## Task:
Once you have located the line containing "Екатерина Глубоковских приняла" in the material below, return it exactly along with each line after it through the line containing "Ducks near pond".

## Given data:
§ §

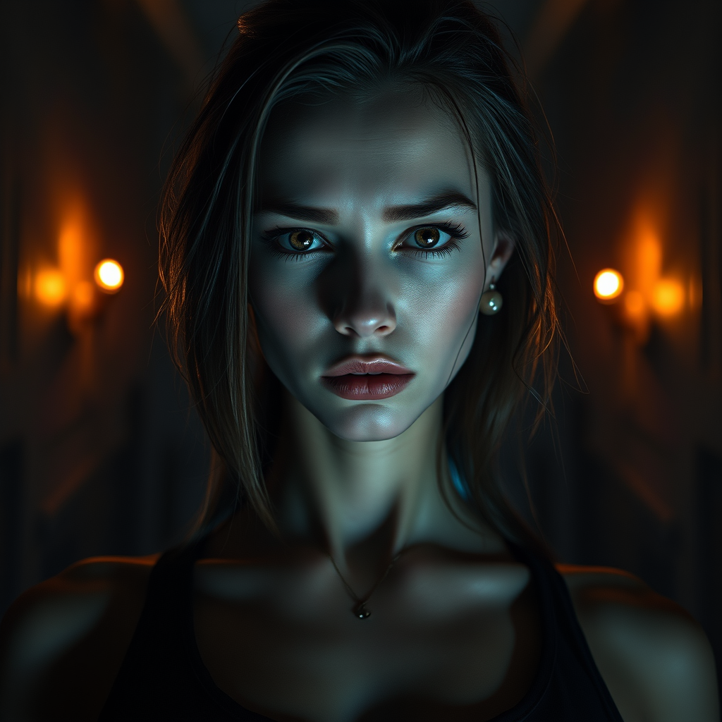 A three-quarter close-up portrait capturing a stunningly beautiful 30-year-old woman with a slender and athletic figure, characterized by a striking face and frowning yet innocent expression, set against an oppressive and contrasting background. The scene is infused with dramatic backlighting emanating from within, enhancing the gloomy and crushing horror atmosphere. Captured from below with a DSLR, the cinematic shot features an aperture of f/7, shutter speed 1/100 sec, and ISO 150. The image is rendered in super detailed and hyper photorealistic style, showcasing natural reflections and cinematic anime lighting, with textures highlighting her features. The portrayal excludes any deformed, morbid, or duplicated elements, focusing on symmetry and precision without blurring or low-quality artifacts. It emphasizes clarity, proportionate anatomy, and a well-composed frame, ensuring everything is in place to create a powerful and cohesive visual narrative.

§ §

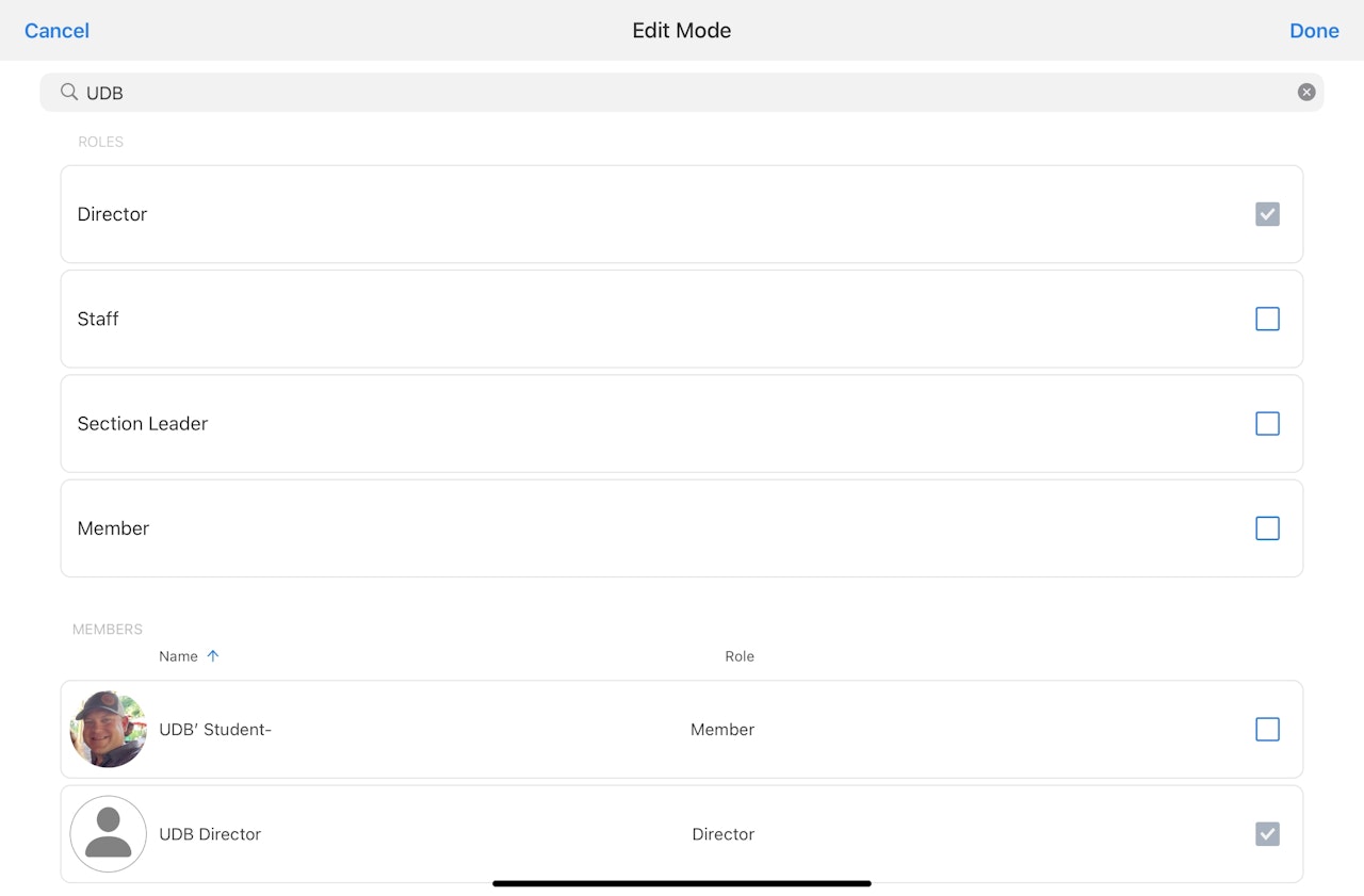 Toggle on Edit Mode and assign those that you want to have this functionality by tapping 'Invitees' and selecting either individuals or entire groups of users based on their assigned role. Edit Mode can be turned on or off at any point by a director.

§ §

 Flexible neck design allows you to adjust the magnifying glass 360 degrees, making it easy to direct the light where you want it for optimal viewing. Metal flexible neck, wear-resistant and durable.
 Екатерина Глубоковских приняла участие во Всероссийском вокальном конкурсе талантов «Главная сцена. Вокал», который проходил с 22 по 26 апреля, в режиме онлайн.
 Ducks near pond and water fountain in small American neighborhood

§ §

## Solution to this exercise:
 Екатерина Глубоковских приняла участие во Всероссийском вокальном конкурсе талантов «Главная сцена. Вокал», который проходил с 22 по 26 апреля, в режиме онлайн.
 Ducks near pond and water fountain in small American neighborhood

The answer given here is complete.